D’abord le lieu du crime, où tous quatre avaient passé la nuit, était hermétiquement fermé, ensuite le jeune Henri - qui avait emprunté la serpe aux métayers du domaine deux jours avant les faits - était connu pour ses sautes d’humeur et ses folles dépenses. Il sera pourtant acquitté après les délibérations éclair d’un jury complètement retourné par le grand avocat parisien Maurice Garçon, vieil ami du père trucidé.
Une deuxième vie
Quand s’ouvre enfin le retentissant et fumeux "procès d’Escoire" (du nom du château proche de Périgueux où ont eu lieu les trois homicides), le suspect aura passé dix-neuf mois en prison, une épreuve qui l’a définitivement transformé: c’est un homme amer et physiquement délabré qui sera libéré en mars 1943.
Dénoncer l'hypocrisie
Henri Girard dilapide en quelques années l’héritage familial, quitte la France en 1947 pour le Venezuela et sillonne l’Amérique latine pendant trois ans avant de revenir en 1950 sous le pseudonyme de Georges Arnaud, le nom de jeune fille de sa mère, morte quand il était enfant.
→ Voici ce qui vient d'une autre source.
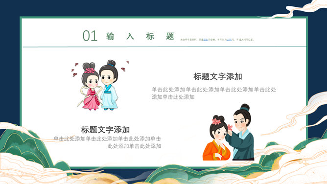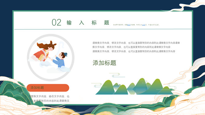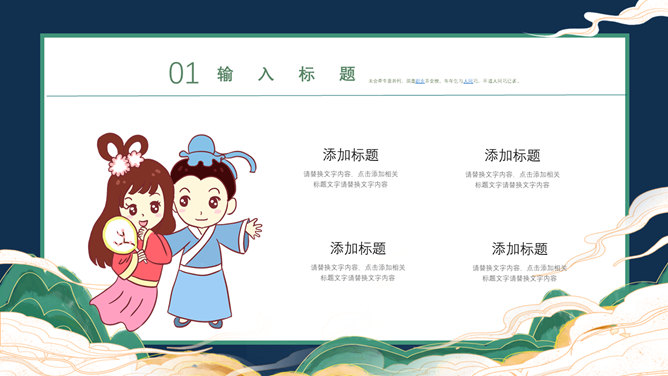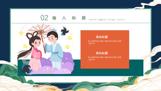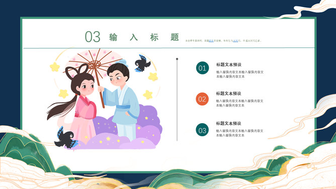 牛郎织女七夕情人节PPT模板。一套七夕节主题幻灯片模板,卡通牛郎织女背景,古风设计风格,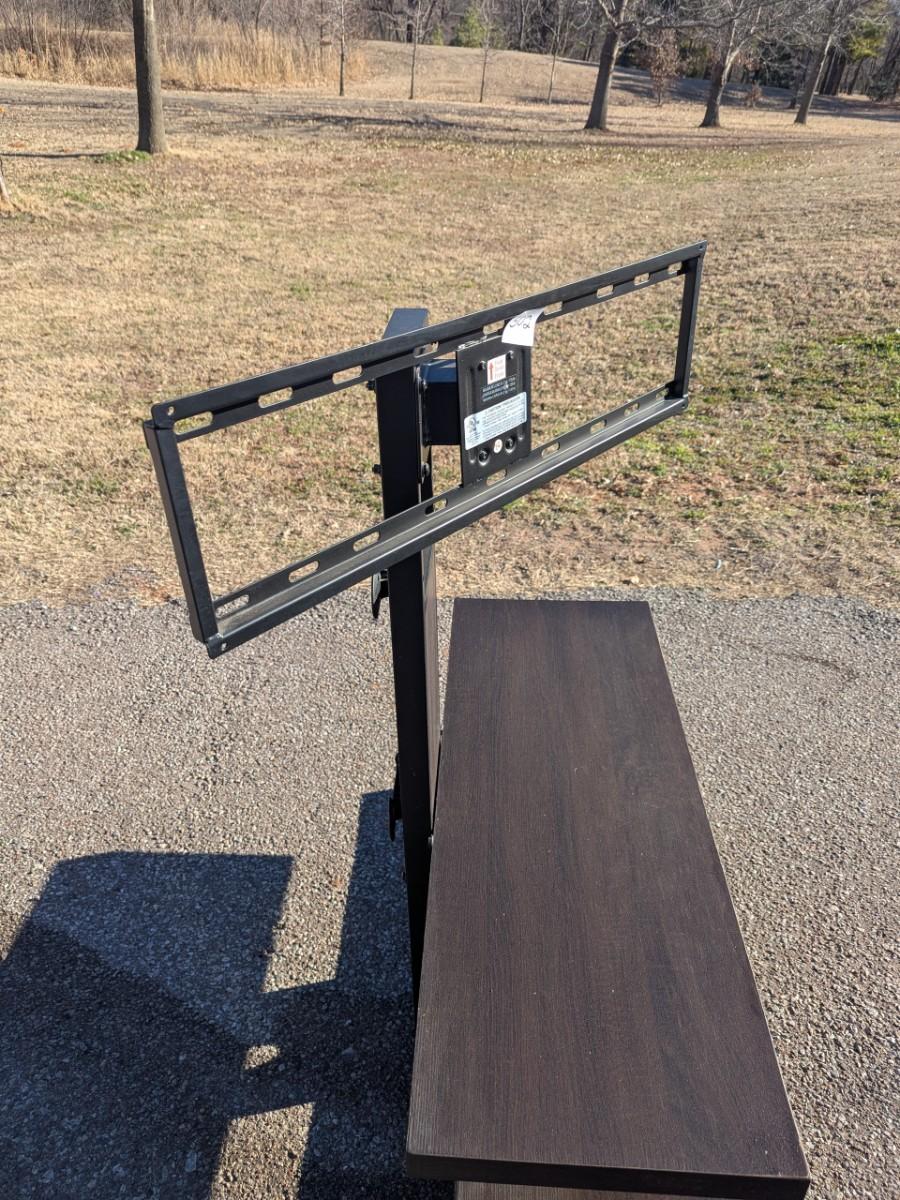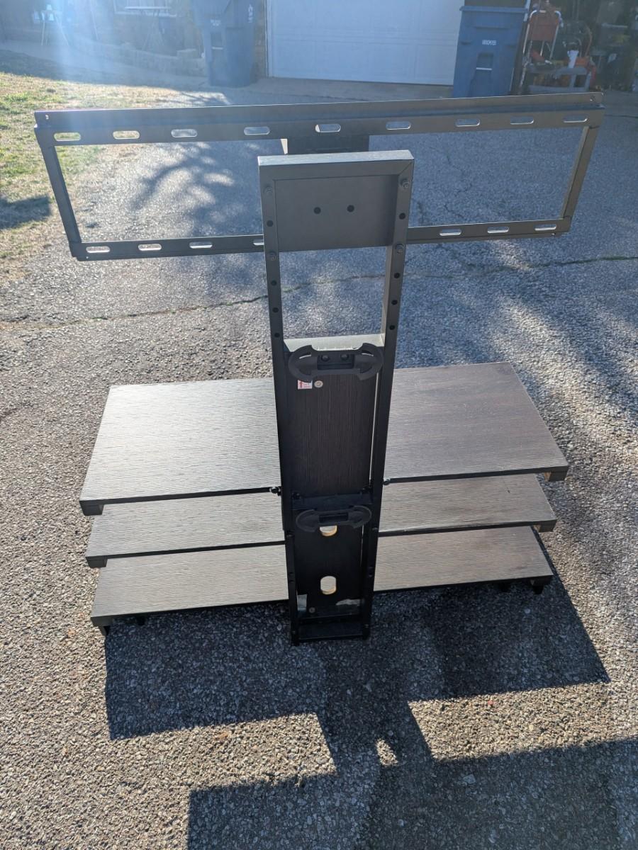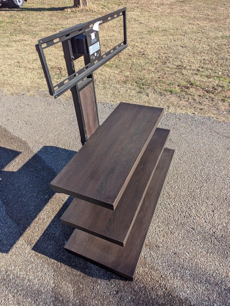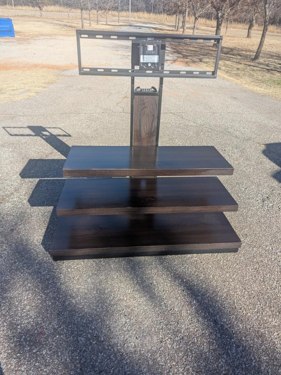 3 in 1 TV stand in dark brown wood finish 48 in side 23 in deep, height to top of stand is 50 in

C’est à lui qu’on doit le roman dont est tiré "Le Salaire de la Peur" réalisé par Henri-Georges Clouzot en 1952. Foncièrement rebelle, Georges Arnaud consacre le reste de sa vie (il est mort en 1987) à dénoncer l’injustice et l’hypocrisie.
Un bon gars, finalement.
Portrait en creux
Cédant à l’insistance d’un copain qui n’est autre que le petit-fils d’Henri Girard/Georges Arnaud, Philippe Jaenada s’engage sans conviction dans l’exploration d’un destin qui lui apparaît comme "une erreur judiciaire de plus". Il lui faudra s’immerger dans les milliers de pages du dossier pour changer d’avis et, tout en se gardant bien de lui imposer ses propres conclusions, donner au lecteur le sentiment d’une terrible malchance.
"Quelle malchance !", s’exclame justement l’un des personnages du Club des Cinq, un livre qui traîne dans le restaurant où Jaenada dîne en famille: cette phrase constitue l’incipit de "La Serpe".
Ce n’est pas rien la jeunesse d’âme. La gaieté, l’énergie, l’insouciance et la facilité, le bon temps de l’aventure, des sandwiches et des cartes Michelin
L’épluchage des innombrables dépositions, rapports de police et minutes du procès fait ressortir la négligence consternante qui caractérise l’instruction du "crime d’Escoire".
Outre les approximations et les contradictions troublantes qu’il constate, Philippe Jaenada découvre dans la correspondance affectueuse entre Henri Girard et son père un sérieux motif de remettre en cause ce procès.
L’art de la digression
D’autant que l’auteur ne cache pas l’amour infini qu’il porte à son fils Ernest, sur lequel il se montre intarissable, à la fois pour son plaisir et pour alléger le poids d’une enquête qu’il mène avec autant de minutie que d’effroi.
C’est que Philippe Jaenada ouvre de très larges parenthèses - de plusieurs pages, parfois - sur des moments cocasses et tendres de sa propre vie, des échanges captés dans des bistrots, des anecdotes rapportées par des copains ou des lectures marquantes.
Sans ces lueurs de poésie ou ces traits d’humour dont Jaenada nous gratifie généreusement, la lecture de "La Serpe" serait accablante. C’est donc bien à regret qu’on referme le livre sur un adieu que l’auteur emprunte à nouveau aux jeunes héros du Club des cinq: "Au revoir, oncle Henri, au revoir!".